9. Exporting Data Example#
This notebook shows different ways to export data from memory. This first example exports all conversations from local DuckDB memory with their respective score values in a JSON format. The data can currently be exported both as JSON file or a CSV file that will be saved in your results folder within PyRIT. The CSV export is commented out below. In this example, all conversations are exported, but by using other export functions from memory_interface
, we can export by specific labels and other methods.
from uuid import uuid4
from pyrit.common import DUCK_DB, initialize_pyrit
from pyrit.common.path import DB_DATA_PATH
from pyrit.memory import CentralMemory
from pyrit.models import PromptRequestPiece, PromptRequestResponse
initialize_pyrit(memory_db_type=DUCK_DB)
conversation_id = str(uuid4())
print(conversation_id)
message_list = [
PromptRequestPiece(
role="user", original_value="Hi, chat bot! This is my initial prompt.", conversation_id=conversation_id
),
PromptRequestPiece(
role="assistant", original_value="Nice to meet you! This is my response.", conversation_id=conversation_id
),
PromptRequestPiece(
role="user",
original_value="Wonderful! This is my second prompt to the chat bot!",
conversation_id=conversation_id,
),
]
duckdb_memory = CentralMemory.get_memory_instance()

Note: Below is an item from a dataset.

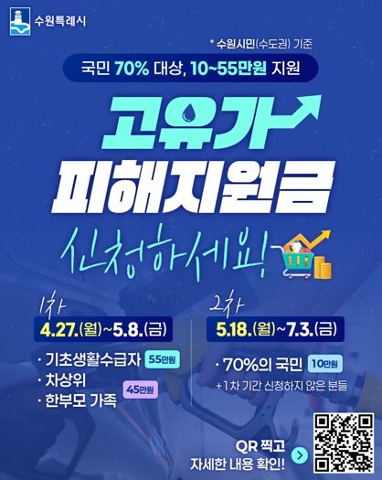 수원시는 선제적으로 선불카드(신한) 17만 장을 확보하는 등 고유가 피해지원금 지급을 위한 준비를 마쳤다. 고령자·장애인 등 거동이 불편한 주민들을 대상으로 ‘찾아가는 신청 서비스’도 운영할 예정이다.
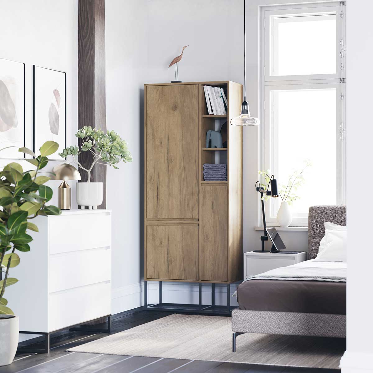 Metallprofilene som erstatter tradisjonelle ben gir stabilitet og et lett, industrielt preg. Bak dørene finner du to rom med justerbare hyller og ett rom med garderobehenger, perfekt for både hengende og brettede klær.

duckdb_memory.add_request_response_to_memory(request=PromptRequestResponse([message_list[0]]))
duckdb_memory.add_request_response_to_memory(request=PromptRequestResponse([message_list[1]]))

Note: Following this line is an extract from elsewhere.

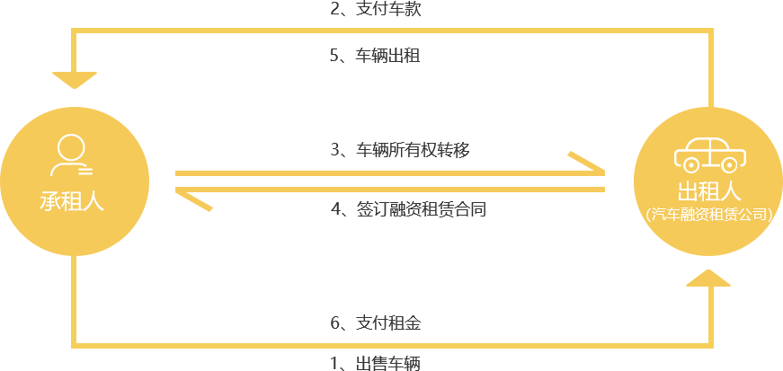 售后回租即承租人將自有車輛出賣給出租人,同時與出租人簽定融資租賃合同, 再將該車輛從出租人處租回的融資租賃形式。售后回租業(yè)務(wù)是承租人和汽車經(jīng)銷商為同一方的融資租賃方式。

duckdb_memory.add_request_response_to_memory(request=PromptRequestResponse([message_list[2]]))
entries = duckdb_memory.get_conversation(conversation_id=conversation_id)
for entry in entries:
print(entry)
# Define file path for export
json_file_path = DB_DATA_PATH / "conversation_and_scores_json_example.json"

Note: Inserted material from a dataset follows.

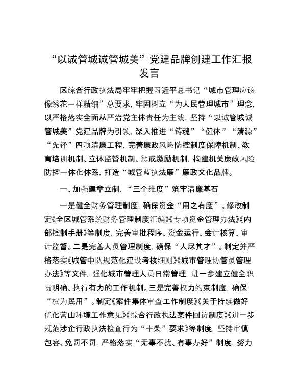 “以诚管城 诚管城美”党建品牌创建工作汇报发言 2024-10-25 Word模板 94 购买前,请一定要先点击这里看看,欢迎持续关注,精彩模板每天推送 预览结束,本文件为word文档,一共5页,共2329字,请购买后,下载后查看 购买前,请一定要先点击这里看看,欢迎持续关注,精彩模板每天推送 资源下载下载价格29 RMBVIP免费升级VIP点击检测网盘有效后购买有任何充值和下载问题请加微信:xuexixuexi66 0 演讲发言

# csv_file_path = DB_DATA_PATH / "conversation_and_scores_csv_example.csv"
# Export the data to a JSON file
conversation_with_scores = duckdb_memory.export_conversations(file_path=json_file_path, export_type="json")
print(f"Exported conversation with scores to JSON: {json_file_path}")
# Export the data to a CSV file
# conversation_with_scores = duckdb_memory.export_conversations(file_path=csv_file_path, export_type="csv")
# print(f"Exported conversation with scores to CSV: {csv_file_path}")
# Cleanup memory resources
duckdb_memory.dispose_engine()
f8ceb37b-ebd5-4efd-83b8-f9e579801db7
None: user: Hi, chat bot! This is my initial prompt.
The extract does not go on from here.